● **Work request**:
Reproduce verbatim the lines of the material below, starting at the line with "The Electrical Grid" and ending at the line with "À l’étage : palier", both inclusive; skip the rest.

___

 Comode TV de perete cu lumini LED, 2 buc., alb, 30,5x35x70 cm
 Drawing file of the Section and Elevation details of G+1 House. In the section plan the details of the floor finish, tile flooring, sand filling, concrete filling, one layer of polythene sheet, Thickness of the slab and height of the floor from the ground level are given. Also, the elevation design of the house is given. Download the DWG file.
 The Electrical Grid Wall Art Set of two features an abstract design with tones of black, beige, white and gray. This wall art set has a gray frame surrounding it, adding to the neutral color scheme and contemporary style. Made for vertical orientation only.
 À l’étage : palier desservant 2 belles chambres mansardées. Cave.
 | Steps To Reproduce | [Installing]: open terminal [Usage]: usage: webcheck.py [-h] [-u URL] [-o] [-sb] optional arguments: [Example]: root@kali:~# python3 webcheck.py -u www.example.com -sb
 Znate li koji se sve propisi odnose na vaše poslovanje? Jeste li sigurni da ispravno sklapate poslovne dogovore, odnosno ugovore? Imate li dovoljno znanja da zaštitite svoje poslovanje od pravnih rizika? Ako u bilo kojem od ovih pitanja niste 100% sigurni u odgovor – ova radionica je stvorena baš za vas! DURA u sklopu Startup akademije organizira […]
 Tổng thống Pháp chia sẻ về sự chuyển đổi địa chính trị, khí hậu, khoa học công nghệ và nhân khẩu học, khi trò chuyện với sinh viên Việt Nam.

___

● **Task response**:
 The Electrical Grid Wall Art Set of two features an abstract design with tones of black, beige, white and gray. This wall art set has a gray frame surrounding it, adding to the neutral color scheme and contemporary style. Made for vertical orientation only.
 À l’étage : palier desservant 2 belles chambres mansardées. Cave.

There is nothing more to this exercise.